That benefit is especially helpful for right-of-center scholars. It is difficult for conservatives or libertarians to burrow into peer review editorial boards. There are simply fewer right-of-center professors to begin with. But there are far more right-of-center law students. And they are able to join editorial boards with far greater ease. To be sure, there is still viewpoint discrimination. When I applied to be an Articles Editor in 2008, the outgoing board demanded to know if I could fairly review an article by a liberal law professor. Of course, I could. And the vast majority of articles are authored by left-of-center academics. Fortunately, I managed to skate by. I imagine those dynamics have worsened over the past decade, but I know that conservatives can still break through.

Going forward, I worry that law reviews are moving in a direction that will make it difficult, if not impossible for conservative authors to publish.

Consider a recent incident at the Washington University Law Review (in St. Louis). Andy Koppelman offered this brief description:

In one of his classes at Stanford Law School this past May, Prof. Michael McConnell read from a historical quotation that included the N word.  (The quotation's accuracy is disputed; more on that below.)  When criticized by Stanford students and faculty for it, he explained that he "make[s] it a priority in [his] class to emphasize issues of racism and slavery in the formation of the Constitution, and directly quote many statements by supporters and opponents of slavery."  He went on to explain: "First, I hope everyone can understand that I made the pedagogical choice with good will — with the intention of teaching the history of our founding honestly.  Second, in light of the pain and upset that this has caused many students, whom I care deeply about, I will not use the word again in the future."

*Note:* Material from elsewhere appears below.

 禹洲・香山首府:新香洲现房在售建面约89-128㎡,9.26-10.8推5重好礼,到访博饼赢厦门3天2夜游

That should have been that.  But then, at distant Washington University in St. Louis, where he had written an entirely unrelated article for a law review symposium, there was a movement to revoke publication.  The law review ended up instead issuing a statement denouncing his actions.

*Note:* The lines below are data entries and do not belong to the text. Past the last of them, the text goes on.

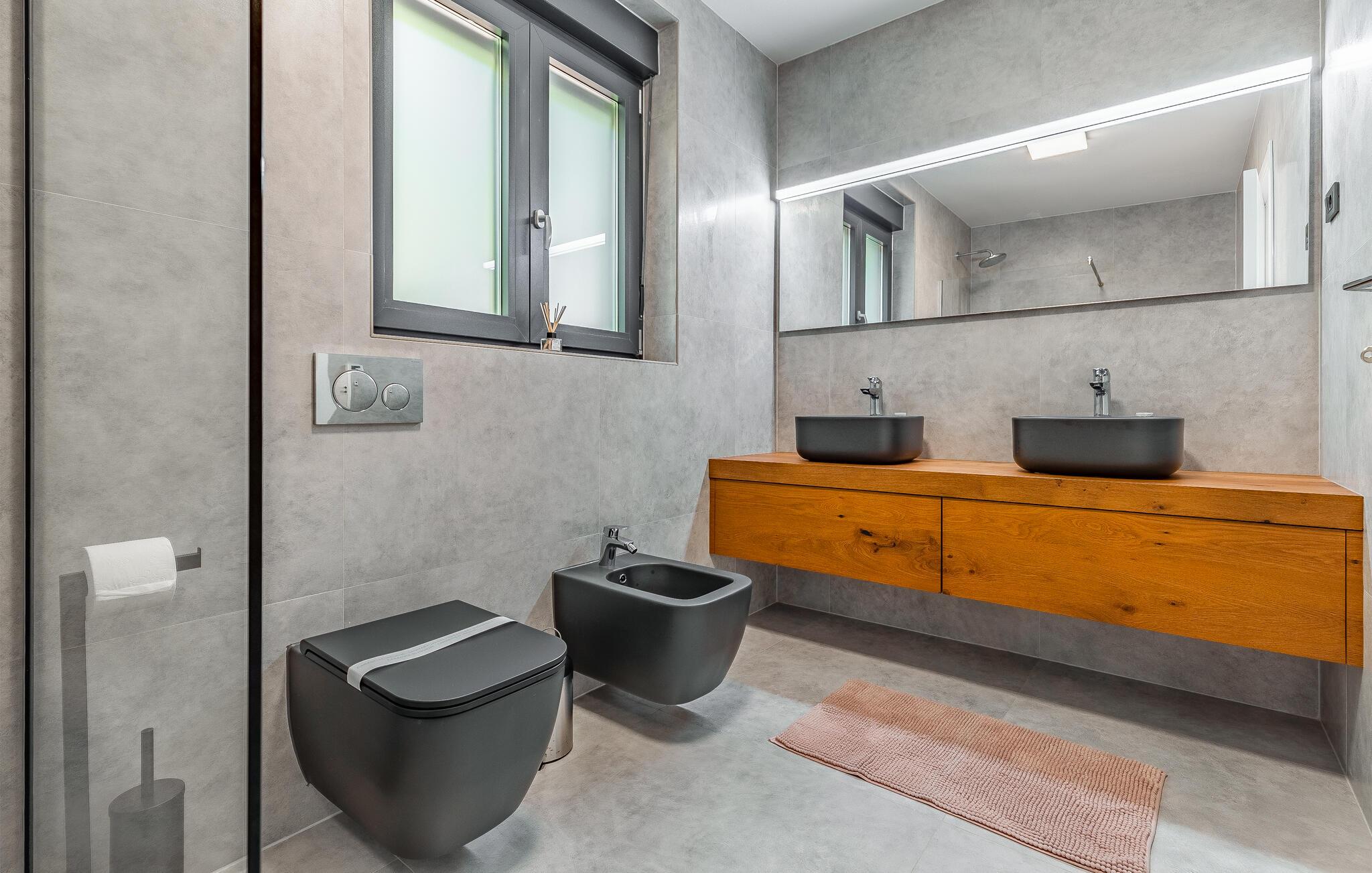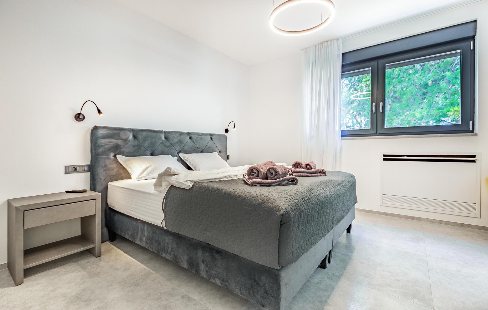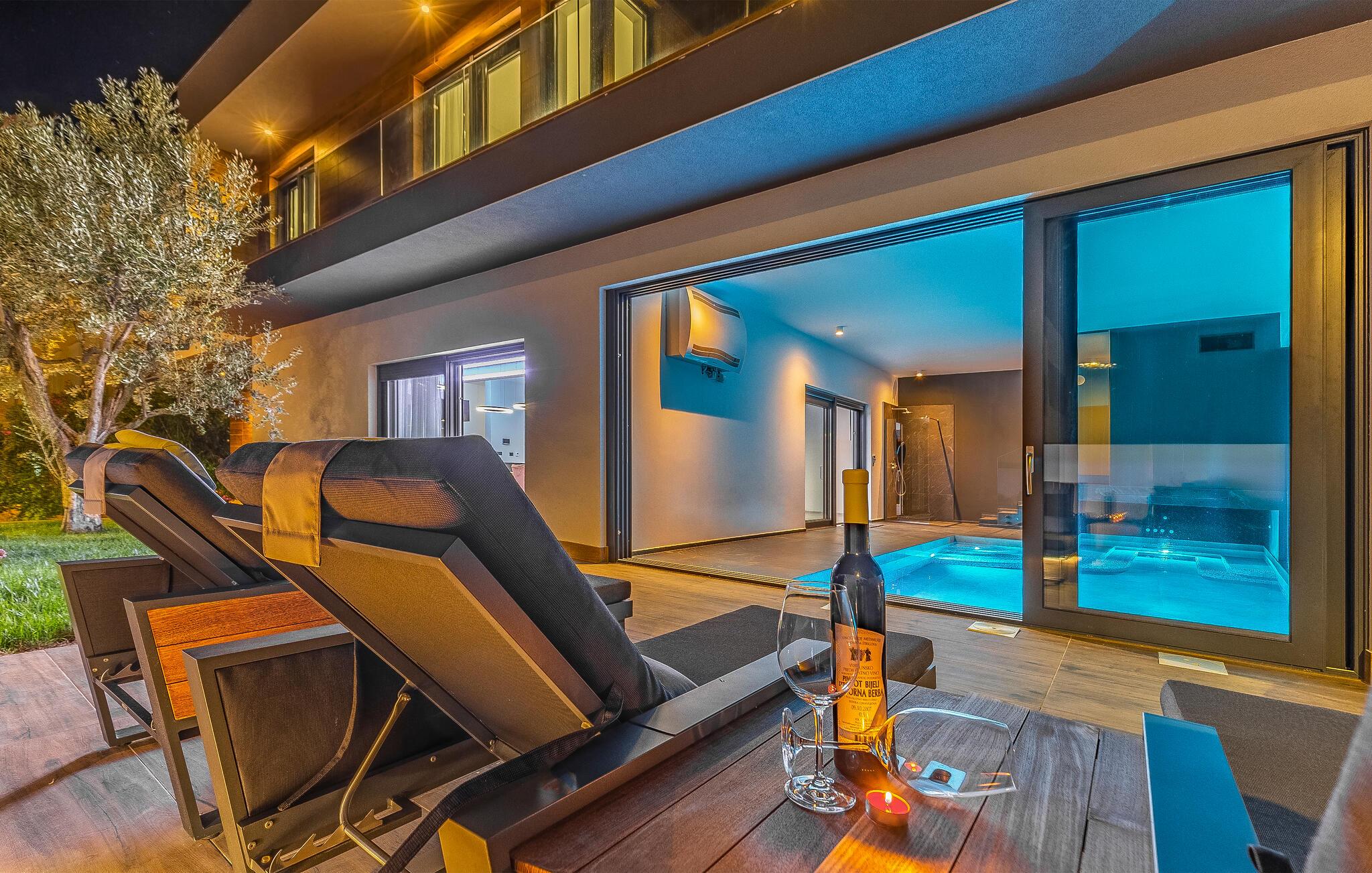 Tilbring ferien i denne luksuriøse villa i Fazana, som vil imponere jer med sit elegante design og kvalitetsløsninger. Den åbne opholdsstue i stueetagen giver jer masser af plads til tid sammen, uanset om I laver mad i det rummelige køkken eller spiller et spil billard. Ovenpå er der private soveværelser med eget badeværelse, nogle med udgang til den store terrasse, ideelt til afslappende yogaøvelser i morgensolen. Slap af i den opvarmede indendørs pool, nyd saunaen eller lounge på liggestolene på den rummelige terrasse.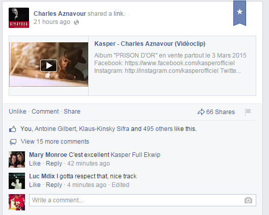 J’ai dû chanter cette chanson au moins 100 fois depuis la sortie du vidéoclip lundi et, visiblement, je ne suis pas le seul. Le grand Charles Aznavour l’a partagé hier via sa page Facebook à un million de fidèles.
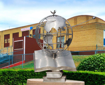 校園不銹鋼雕塑-不銹鋼書本地球儀雕塑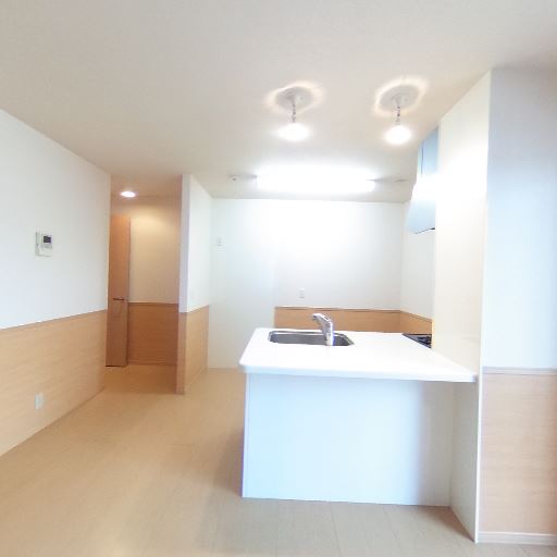 • 対面キッチンと照明器具(確度86%):白いカウンターの対面キッチンがあり、天井にダウンライトとペンダント照明が複数設置。

McConnell's article was not about race. It was about the free exercise of religion. (Although critics may argue that everything is about race.) The students objected to McConnell, as an author, regardless of what he had written for the journal. Professor John Inazu recounts that the students wanted to rescind the publication altogether, but the University would not allow them to:

Some of the protesters originally wanted the Law Review to withdraw its publication offer to Professor McConnell. Washington University School of Law Dean Nancy Staudt prevented this action after consulting with the university's general counsel but authorized this protest statement instead.

The statement began with a disclaimer:

These statements do not necessarily reflect the views of Washington University in St. Louis, Washington University School of Law, the Washington University Law Review as an institution, the contributors to the symposium, or anyone other than the undersigned authors.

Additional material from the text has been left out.